Create new columns in a dataframe
There are two ways to create a new column in a Pandas dataframe.
import pandas as pd
import numpy as np
df = pd.DataFrame({'A': [x for x in np.arange(0, 10)]})

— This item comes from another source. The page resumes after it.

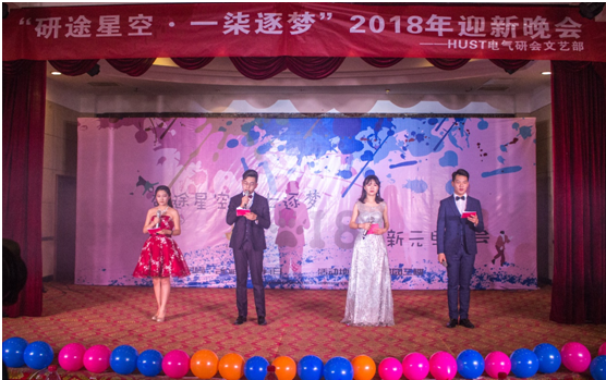 电气与电子工程学院“研途星空•一柒逐梦”研究生迎新晚会与2018年1月14日晚19:00在百景园三楼大厅隆重举行,学院党委副书记罗珺与研究生辅导员雷浩南参加活动。晚会节目精彩纷呈,表演间隙的小游戏更是让观众们热情高涨。

# - create a new column with direct assignment. The bad practice!
df['B'] = df['A']**2
# - use t
with the assign function of Pandas, we can create single or multiple columns and even use them directly.
df.assign(
alfa_squared = lambda row: row['A']**2,
alfa_halfed = lambda row : row['A']/2,
alfa_sq_halfed = lambda row : row['alfa_squared']/2
)
A | B | alfa_squared | alfa_halfed | alfa_sq_halfed | |
---|---|---|---|---|---|
0 | 0 | 0 | 0 | 0.0 | 0.0 |
1 | 1 | 1 | 1 | 0.5 | 0.5 |
2 | 2 | 4 | 4 | 1.0 | 2.0 |
3 | 3 | 9 | 9 | 1.5 | 4.5 |
4 | 4 | 16 | 16 | 2.0 | 8.0 |
5 | 5 | 25 | 25 | 2.5 | 12.5 |
6 | 6 | 36 | 36 | 3.0 | 18.0 |
7 | 7 | 49 | 49 | 3.5 | 24.5 |
8 | 8 | 64 | 64 | 4.0 | 32.0 |
9 | 9 | 81 | 81 | 4.5 | 40.5 |
The creation of the new column can be combined with a selection of hte original df
df.assign(
beta_squared = lambda row: row['B']**2
).loc[lambda row : row['A'] > 3]
A | B | beta_squared | |
---|---|---|---|
4 | 4 | 16 | 256 |
5 | 5 | 25 | 625 |
6 | 6 | 36 | 1296 |
7 | 7 | 49 | 2401 |
8 | 8 | 64 | 4096 |
9 | 9 | 81 | 6561 |
Using internal panda functions in aggregation
import numpy as np
data = np.random.randint(0, 1000, size=300)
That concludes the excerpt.